The system fetches current CPU/memory usage at the specified refresh interval and uses that value for evaluation until the next refresh. Shorter intervals provide more responsive rate limiting but incur slightly higher overhead, while longer intervals are more efficient but slower to react to sudden resource spikes.

The GUI generates YAML as follows:

# Simple CPU-based rate limiting
nodes:
  - name: <node name>
    type: <node type>
    rate_limit:
      evaluation_policy:
        policy_type: cpu_usage
        evaluation_mode: enforce
        absolute_limit: 0.5  # Limit to half a CPU core
        refresh_interval: 10s
# Simple memory-based rate limiting
nodes:
  - name: <node name>
    type: <node type>
    rate_limit:
      evaluation_policy:
        policy_type: memory_usage
        evaluation_mode: enforce
        absolute_limit: 536870912  # 512Mi in bytes
        refresh_interval: 30s

Composite Policies (AND / OR)

When using AND or OR policy types, you define sub-policies instead of limits. Sub-policies must be siblings (at the same level)—do not nest sub-policies within other sub-policies. Each sub-policy is independently evaluated, and the parent policy’s evaluation mode applies to the composite result.

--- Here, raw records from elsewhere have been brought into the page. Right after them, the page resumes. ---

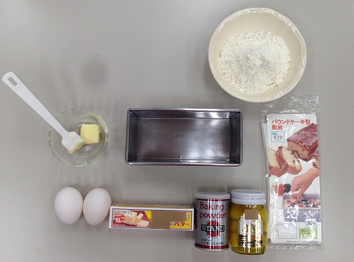 材料(パウンドケーキ型1本分)を用意します。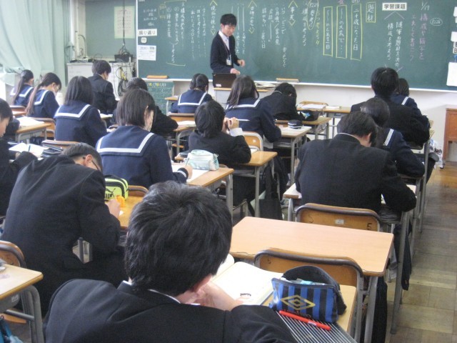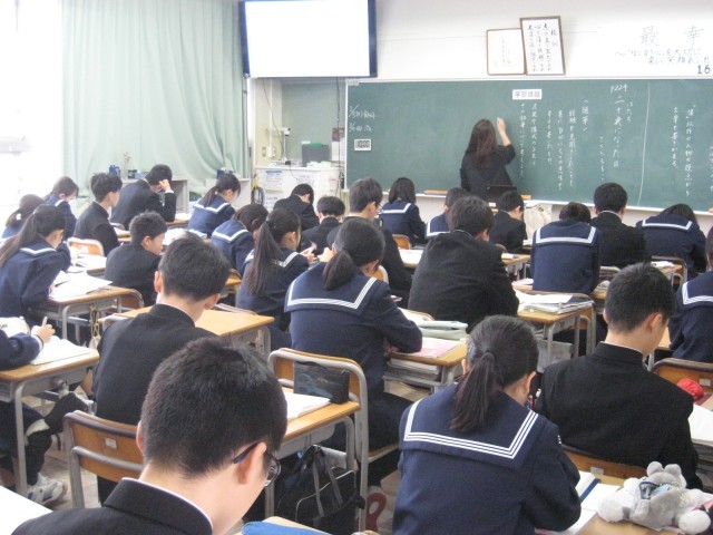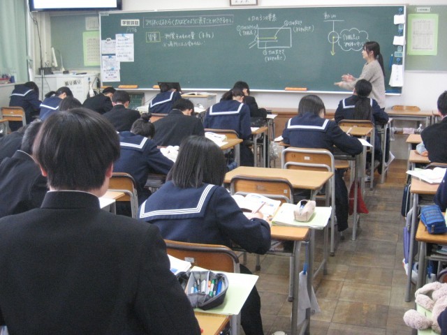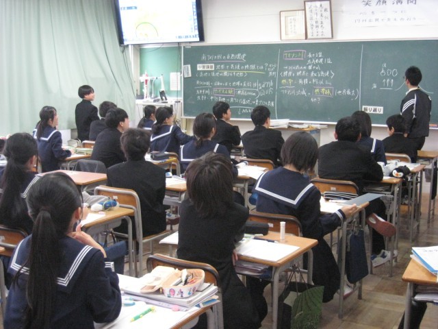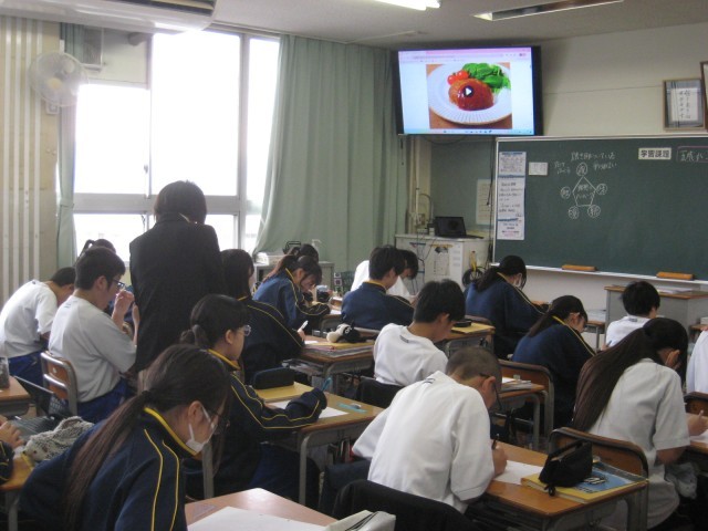 写真は、上から1組技術、2組家庭科、3組保健体育、4組理科、5組国語、6組国語、7組社会の授業の様子です。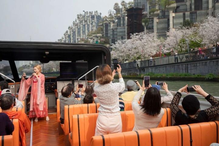 今年,悠游苏州河与天安千树携手推出新一季“千树樱花季”活动,将水岸风光、现场演艺、文创市集、商圈消费串成一条沉浸式游玩线,让游客从“打卡拍照”变成“全程沉浸”。4月4日,苏州河游船开出55班散客航班,上座率89%,创下2022年开航以来单日最高纪录;樱花主题航班22班售出426张票,上座率93%,演艺航班更是座无虚席。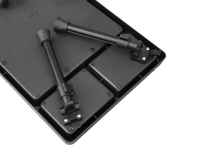 Коротше кажучи, пластиковий столик WORKS – це корисне рибальське спорядження, яким ви будете користуватися постійно. Має телескопічні ніжки, які можна підняти на 10 см, тому висота самого столу коливається від 24 до 34 см (вимірюється по верхньому краю столу). Ніжки можна зафіксувати спеціальною замковою системою, тому немає ризику, що стіл і речі на ньому впадуть. Кінці ніжок оснащені гумовими наконечниками для кращої стійкості. WORKS поставляється з сумкою для транспортування.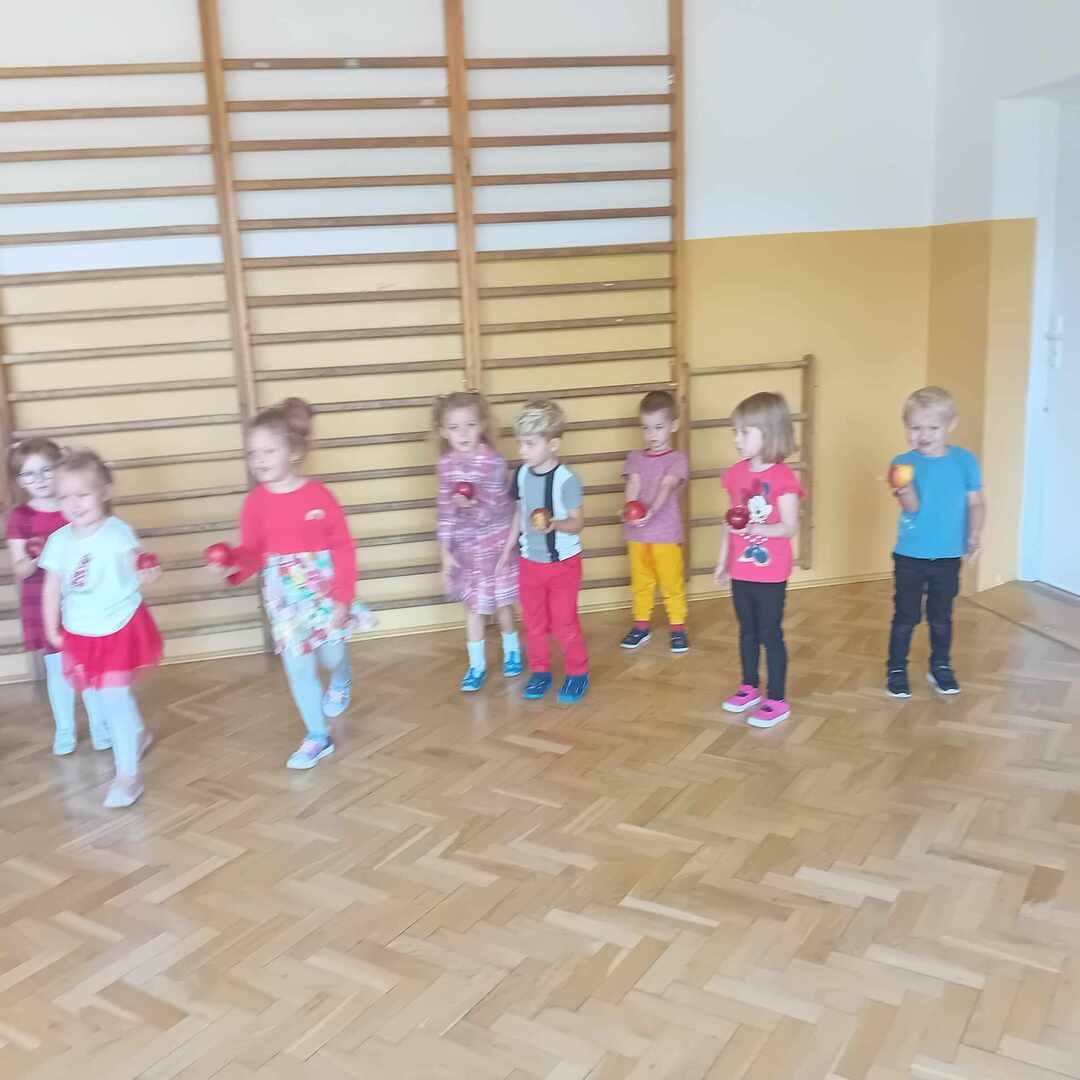 28 września przedszkolaki z oddziałów OA i OB zachęcały do spożywania jabłek jako źródła witaminy C .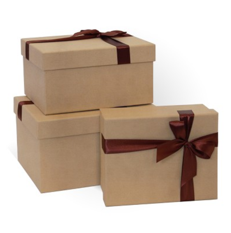 Коробка одиночная, Прямоугольник, Крафт "С бантом", 17*13*7 см, 1 шт.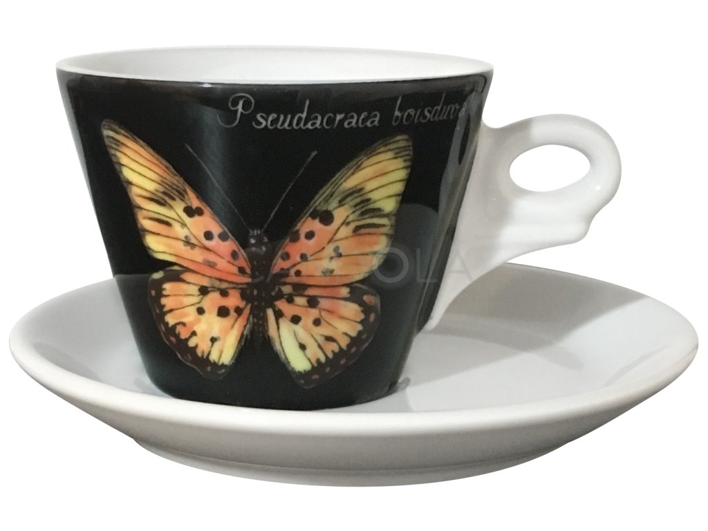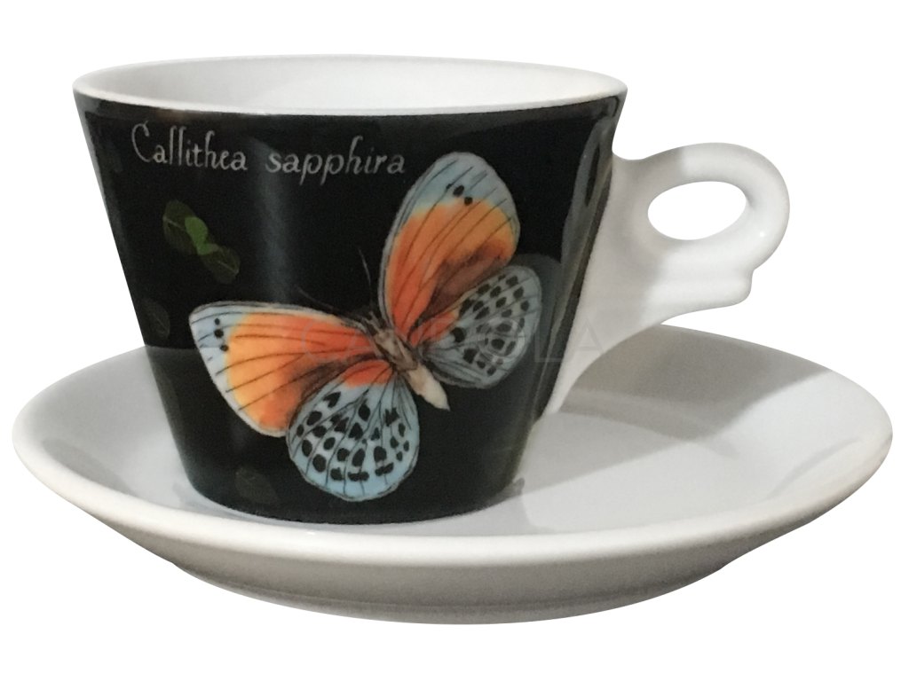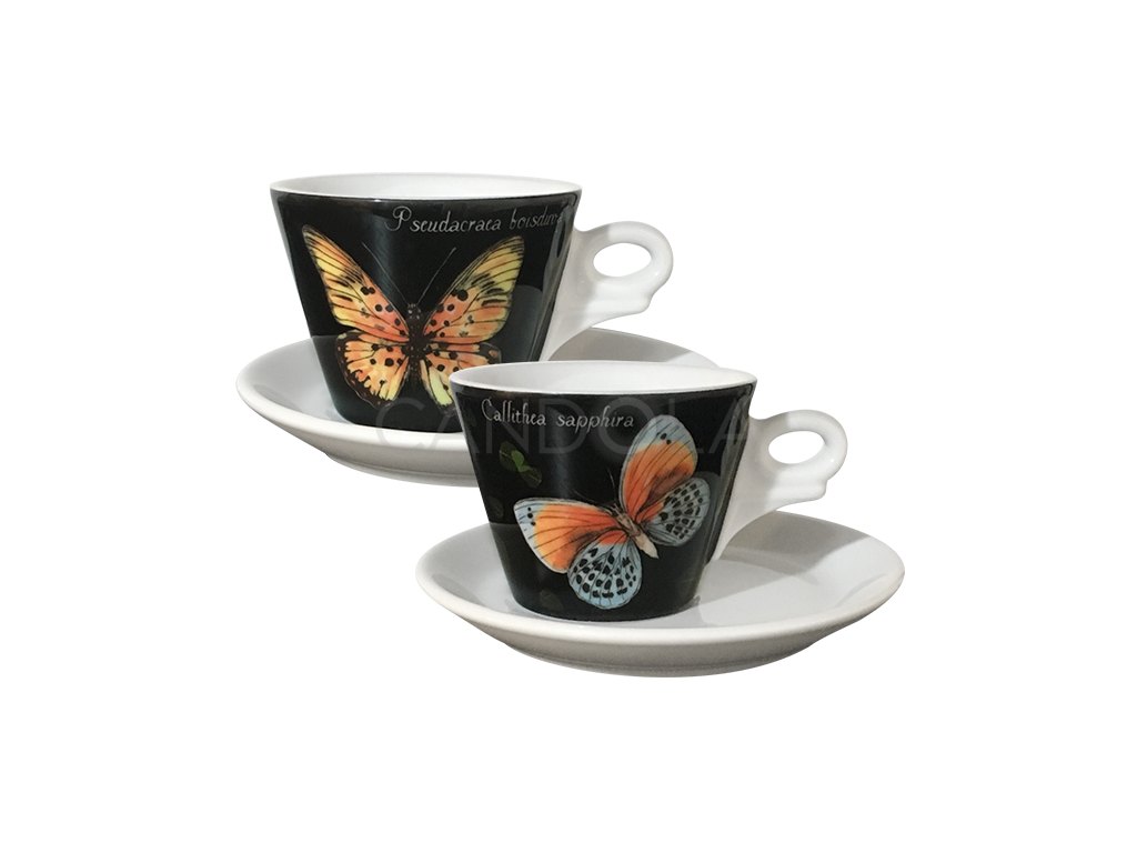 Dekorovaná porcelánová šálka na kapučíno s podšálkou z kolekcie hrubostenného porcelánu na kávu Ancap Mágia prináša skutočnú mágiu motýlích krídiel. Dno šálky je v optimálnom tvare na profesionálne použitie. Dostatočne otvorený ústny okraj poskytuje dostatok priestoru na latte art. Šálka je na podšálke umiestnená mimo stredu a tak vzniknutý priestor je ideálny pre servírovanie sušienky, cukru či lyžičky na kávu. Hrubostenný živcový porcelán skvele drží teplo a nápoj tak bude mať dlho správnu teplotu.

  • AND Logic: All sub-policies must evaluate to true at the same time to trigger rate limiting. Use when you want conservative rate limiting (limit only when CPU AND memory are both high).
  • OR Logic: Any sub-policy evaluating to true triggers rate limiting. Use when you want aggressive protection (limit when either CPU OR memory is high).

Configuration Steps:

  1. Select AND (composite) or OR (composite) as the Policy Type
  2. Choose the Evaluation Mode (typically Enforce)
  3. Click Add New under Sub-Policies to add the first condition
  4. Configure the first sub-policy by selecting policy type (CPU Usage or Memory Usage), selecting evaluation mode, setting absolute and/or relative limits, and setting refresh interval
  5. In the parent policy (not within the child), click Add New again to add a sibling sub-policy
  6. Configure additional sub-policies following the same pattern

The GUI generates YAML as follows:

# AND composite policy - both CPU AND memory must exceed limits
nodes:
  - name: <node name>
    type: <node type>
    rate_limit:
      evaluation_policy:
        policy_type: and
        evaluation_mode: enforce
        sub_policies:
          # First sub-policy (sibling)
          - policy_type: cpu_usage
            evaluation_mode: enforce
            absolute_limit: 0.75  # Limit to 75% of one core
            refresh_interval: 15s
          # Second sub-policy (sibling)
          - policy_type: memory_usage
            evaluation_mode: enforce
            absolute_limit: 1073741824  # 1Gi in bytes
            refresh_interval: 15s
# OR composite policy - either CPU OR memory can trigger
nodes:
  - name: <node name>
    type: <node type>
    rate_limit:
      evaluation_policy:
        policy_type: or
        evaluation_mode: enforce
        sub_policies:
          - policy_type: cpu_usage
            evaluation_mode: enforce
            relative_limit: 85  # 85% of available CPU
            refresh_interval: 20s
          - policy_type: memory_usage
            evaluation_mode: enforce
            relative_limit: 80  # 80% of available memory
            refresh_interval: 20s
# Monitor mode for testing thresholds
nodes:
  - name: <node name>
    type: <node type>
    rate_limit:
      evaluation_policy:
        policy_type: memory_usage
        evaluation_mode: monitor  # Only logs, doesn't limit
        relative_limit: 70  # Test at 70% before enforcing
        refresh_interval: 30s